Source data:
↓↓↓

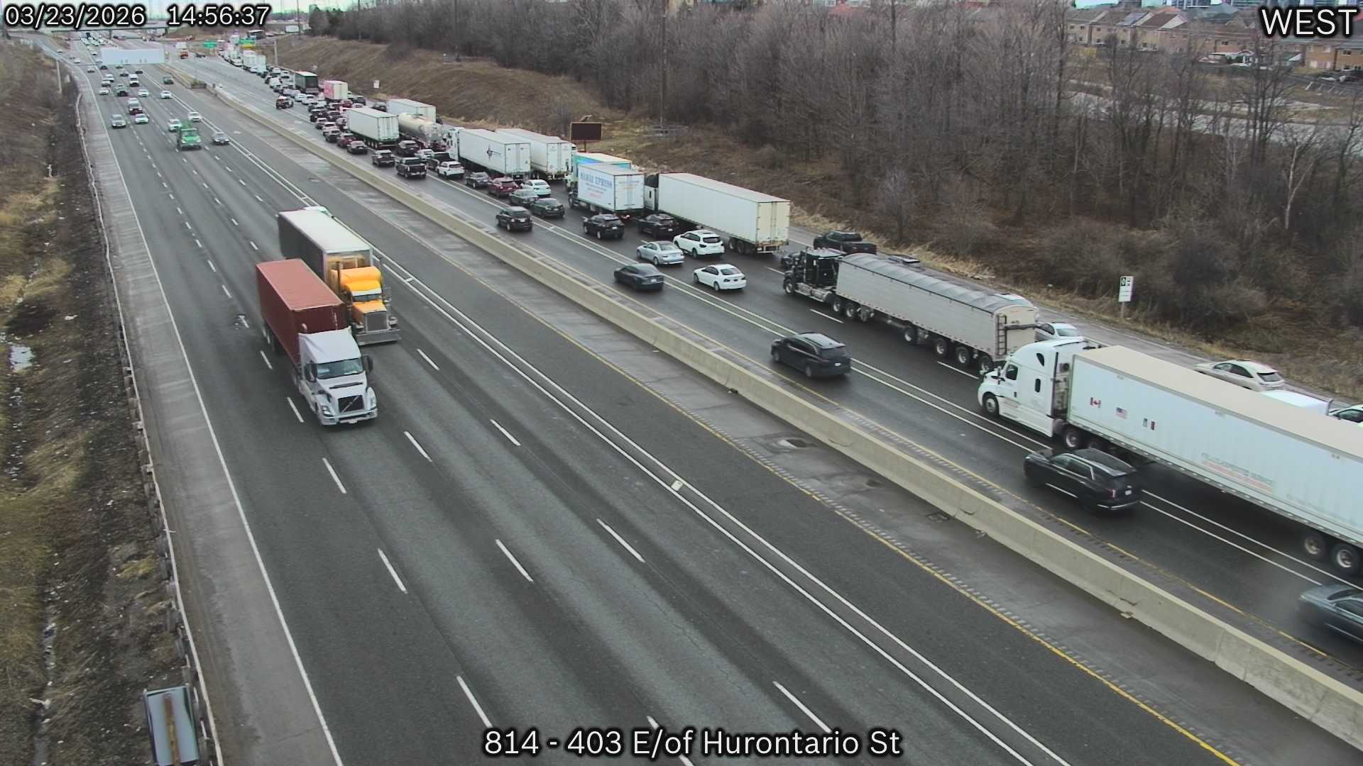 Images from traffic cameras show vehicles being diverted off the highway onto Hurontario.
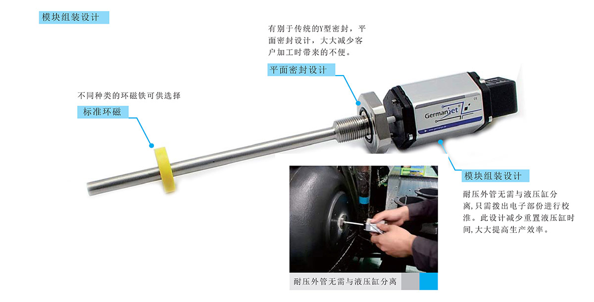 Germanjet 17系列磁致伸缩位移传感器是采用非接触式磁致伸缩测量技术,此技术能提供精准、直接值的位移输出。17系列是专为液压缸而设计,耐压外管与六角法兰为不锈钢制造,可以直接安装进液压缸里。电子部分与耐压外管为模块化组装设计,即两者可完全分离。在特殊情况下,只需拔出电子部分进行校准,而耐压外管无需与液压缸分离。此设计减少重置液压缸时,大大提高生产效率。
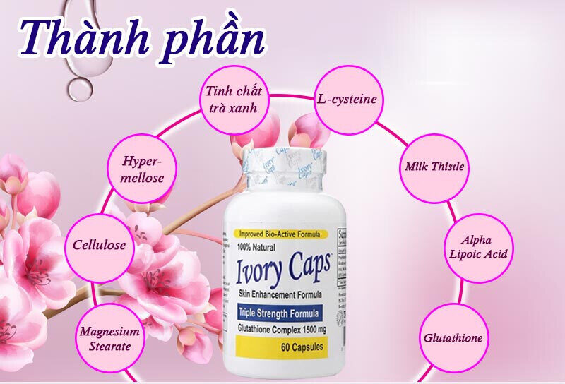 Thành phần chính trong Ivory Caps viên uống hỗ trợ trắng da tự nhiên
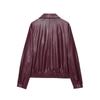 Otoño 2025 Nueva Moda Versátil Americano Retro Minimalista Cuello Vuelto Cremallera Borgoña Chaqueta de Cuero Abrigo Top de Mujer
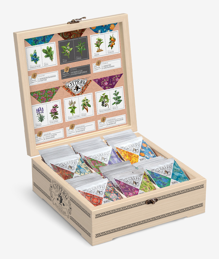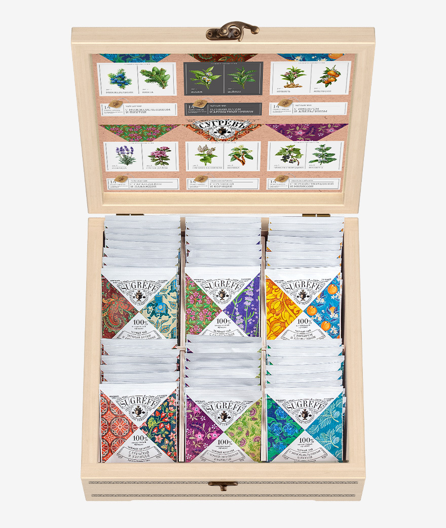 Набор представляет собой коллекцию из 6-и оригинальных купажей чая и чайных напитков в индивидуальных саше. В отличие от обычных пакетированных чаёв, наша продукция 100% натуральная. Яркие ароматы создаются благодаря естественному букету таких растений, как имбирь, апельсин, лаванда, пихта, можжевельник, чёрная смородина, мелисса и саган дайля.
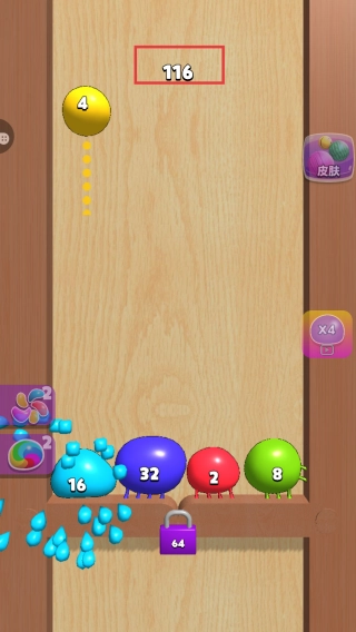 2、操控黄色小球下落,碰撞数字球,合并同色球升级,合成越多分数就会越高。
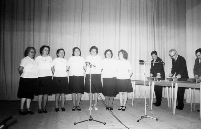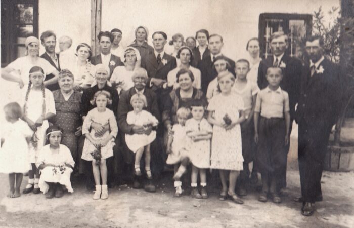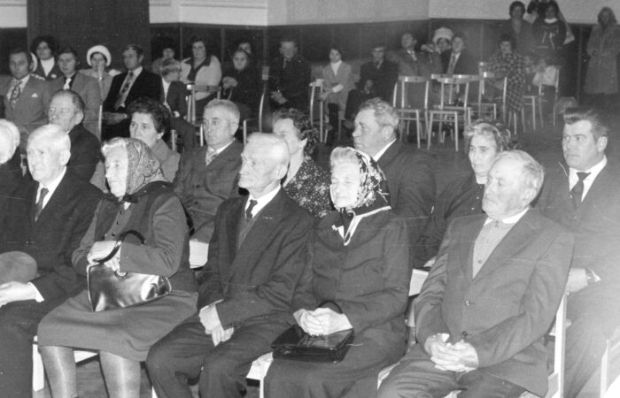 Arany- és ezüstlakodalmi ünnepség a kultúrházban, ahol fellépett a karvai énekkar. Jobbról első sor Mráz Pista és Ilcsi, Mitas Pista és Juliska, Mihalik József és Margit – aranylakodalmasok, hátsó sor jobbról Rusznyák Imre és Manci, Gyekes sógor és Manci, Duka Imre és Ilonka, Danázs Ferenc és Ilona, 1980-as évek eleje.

↑↑↑

Problem:
Omit every picture, then repeat the remaining data exactly as it appears above.

The completed task:
 Images from traffic cameras show vehicles being diverted off the highway onto Hurontario.
 Germanjet 17系列磁致伸缩位移传感器是采用非接触式磁致伸缩测量技术,此技术能提供精准、直接值的位移输出。17系列是专为液压缸而设计,耐压外管与六角法兰为不锈钢制造,可以直接安装进液压缸里。电子部分与耐压外管为模块化组装设计,即两者可完全分离。在特殊情况下,只需拔出电子部分进行校准,而耐压外管无需与液压缸分离。此设计减少重置液压缸时,大大提高生产效率。
 Thành phần chính trong Ivory Caps viên uống hỗ trợ trắng da tự nhiên
 Otoño 2025 Nueva Moda Versátil Americano Retro Minimalista Cuello Vuelto Cremallera Borgoña Chaqueta de Cuero Abrigo Top de Mujer
 Набор представляет собой коллекцию из 6-и оригинальных купажей чая и чайных напитков в индивидуальных саше. В отличие от обычных пакетированных чаёв, наша продукция 100% натуральная. Яркие ароматы создаются благодаря естественному букету таких растений, как имбирь, апельсин, лаванда, пихта, можжевельник, чёрная смородина, мелисса и саган дайля.
 2、操控黄色小球下落,碰撞数字球,合并同色球升级,合成越多分数就会越高。
 Arany- és ezüstlakodalmi ünnepség a kultúrházban, ahol fellépett a karvai énekkar. Jobbról első sor Mráz Pista és Ilcsi, Mitas Pista és Juliska, Mihalik József és Margit – aranylakodalmasok, hátsó sor jobbról Rusznyák Imre és Manci, Gyekes sógor és Manci, Duka Imre és Ilonka, Danázs Ferenc és Ilona, 1980-as évek eleje.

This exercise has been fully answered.